Her drawings are all done by hand: “I was trained to use CAD and create 3D models but for AE I do flat drawings. They are almost like engineering drawings. There’s a lot of straight lines to enable me to sew something that’s really repeatable. Once I have a design, then I think about the colours and that’s basically informed by what my suppliers have available. Choice can be limited as they don’t produce huge batches, but I‘m lucky that they have such lovely colours.

The Tote All, new for 2020


The Waxed Rolltop


Some are really natural and they work for guys and then there’s the brights which I love – I’m able to colour match pretty well, and I do what I feel’s right for AE. I don’t look at trends or the Pantone colour of the year, I choose from what’s available and add pieces that make sense to what we do. I don’t want to have massive a collection, I want to have bags that people like.”
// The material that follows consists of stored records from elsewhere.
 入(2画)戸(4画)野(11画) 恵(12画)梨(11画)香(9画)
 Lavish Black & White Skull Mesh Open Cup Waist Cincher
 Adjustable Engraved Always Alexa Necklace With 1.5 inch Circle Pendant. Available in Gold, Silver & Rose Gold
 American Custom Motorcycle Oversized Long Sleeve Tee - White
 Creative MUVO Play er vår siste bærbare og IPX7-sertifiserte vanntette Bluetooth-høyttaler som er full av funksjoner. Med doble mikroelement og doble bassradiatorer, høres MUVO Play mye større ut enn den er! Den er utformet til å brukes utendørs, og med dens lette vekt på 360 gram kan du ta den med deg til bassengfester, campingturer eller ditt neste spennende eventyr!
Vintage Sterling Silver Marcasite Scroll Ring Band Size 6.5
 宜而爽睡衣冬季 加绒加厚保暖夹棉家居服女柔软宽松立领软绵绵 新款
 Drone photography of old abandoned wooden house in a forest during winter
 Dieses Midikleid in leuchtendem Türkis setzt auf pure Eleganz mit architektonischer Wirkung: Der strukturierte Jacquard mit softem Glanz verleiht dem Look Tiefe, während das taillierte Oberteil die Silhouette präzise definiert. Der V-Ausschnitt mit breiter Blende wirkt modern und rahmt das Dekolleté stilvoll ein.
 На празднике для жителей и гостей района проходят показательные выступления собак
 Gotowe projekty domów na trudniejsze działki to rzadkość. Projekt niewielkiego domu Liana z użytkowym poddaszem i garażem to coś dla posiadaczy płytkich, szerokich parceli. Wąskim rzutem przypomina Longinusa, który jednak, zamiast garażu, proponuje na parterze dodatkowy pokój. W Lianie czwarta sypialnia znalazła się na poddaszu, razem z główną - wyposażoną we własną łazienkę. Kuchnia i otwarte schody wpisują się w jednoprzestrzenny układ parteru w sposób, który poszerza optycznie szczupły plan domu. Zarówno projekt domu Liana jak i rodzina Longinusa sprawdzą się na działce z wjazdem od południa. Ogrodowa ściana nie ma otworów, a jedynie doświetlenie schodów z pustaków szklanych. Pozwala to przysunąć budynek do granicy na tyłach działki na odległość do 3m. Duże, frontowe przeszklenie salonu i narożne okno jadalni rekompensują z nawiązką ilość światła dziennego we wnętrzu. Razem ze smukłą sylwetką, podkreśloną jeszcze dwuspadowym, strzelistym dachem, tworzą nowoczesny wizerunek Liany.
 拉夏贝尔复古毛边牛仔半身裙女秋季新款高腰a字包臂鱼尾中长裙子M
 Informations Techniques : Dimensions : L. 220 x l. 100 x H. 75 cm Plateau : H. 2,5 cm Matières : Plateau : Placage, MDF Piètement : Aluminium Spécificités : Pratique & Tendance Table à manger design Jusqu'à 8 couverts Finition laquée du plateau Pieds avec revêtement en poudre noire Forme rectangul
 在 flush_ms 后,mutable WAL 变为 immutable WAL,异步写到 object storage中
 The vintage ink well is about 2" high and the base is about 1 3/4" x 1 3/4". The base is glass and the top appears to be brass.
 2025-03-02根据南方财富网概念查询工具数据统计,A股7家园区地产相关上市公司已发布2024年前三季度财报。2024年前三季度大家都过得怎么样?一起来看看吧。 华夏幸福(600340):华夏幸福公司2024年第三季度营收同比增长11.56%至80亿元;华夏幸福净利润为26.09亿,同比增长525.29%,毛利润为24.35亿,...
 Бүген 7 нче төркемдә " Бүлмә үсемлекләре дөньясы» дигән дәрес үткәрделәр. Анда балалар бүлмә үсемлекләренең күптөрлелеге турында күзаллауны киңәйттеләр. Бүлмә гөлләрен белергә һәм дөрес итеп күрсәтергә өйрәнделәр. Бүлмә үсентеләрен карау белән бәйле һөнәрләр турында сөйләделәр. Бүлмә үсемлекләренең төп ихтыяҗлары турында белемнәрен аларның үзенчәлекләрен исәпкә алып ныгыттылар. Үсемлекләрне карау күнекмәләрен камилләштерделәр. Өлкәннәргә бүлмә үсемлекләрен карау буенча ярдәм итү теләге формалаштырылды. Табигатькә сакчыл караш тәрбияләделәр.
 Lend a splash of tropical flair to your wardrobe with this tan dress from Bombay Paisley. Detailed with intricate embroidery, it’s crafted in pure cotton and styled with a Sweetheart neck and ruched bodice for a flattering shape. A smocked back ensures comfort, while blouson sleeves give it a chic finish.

Ashleigh’s key to success has been to keep ambitions big but practical ways of doing things small: “I have found myself with a business that I love. I want to grow and evolve it, and pass it on to my kids. That’s something that doesn’t get written into a business plan or a spreadsheet – it’s a passion that’s hard to quantify. I like that AE is small, but viable and sustainable.”

The Red Canvas Rolltop


While writing her thesis, Ashleigh took inspiration from her Professor who was an interaction designer and looked at design from a very different perspective. She would question, who is your community, what is it that’s important to them? “Thinking about where I grew up, my community were explorers, crazy people who drove around Ireland at dawn searching for waves. That was the energy and character that was important to me and I knew I needed to follow those kind of principles. I always wanted to be honest and, using one of perhaps the most over-used words ever, authentic! AE’s brand values are shared exploration, honest design and Atlantic coastal heritage – these values are so robust and ingrained in what I do and when I moved to Cornwall they still made sense.”

After four years of running the business in Ireland, Ashleigh explains that ‘‘life changed, as it does sometimes” and as a consequence decided that she needed to express herself differently. “I had gotten really busy. There was great demand, I was employing a couple of people and had international stockists, but it meant that I stopped making new things. So I moved to Devon to make yurts, for a gorgeous company called Yurts For Life. I worked as part of a bigger team, in a bigger workshop environment, doing a lot of sewing. And fell in love with an amazing man!”

Now living on Cornwall’s north coast, Ashleigh has a new relationship with AE: “It’s just me, it’s all me. It’s back to a small thing. I design and I make. Having learned from my mistakes from the last time, now I get to do things in a more viable, more sustainable, more calm way. And I also like that it’s a new challenge to build a brand here. In Ireland people new AE, but here in Cornwall there is the excitement and challenge of building it anew.”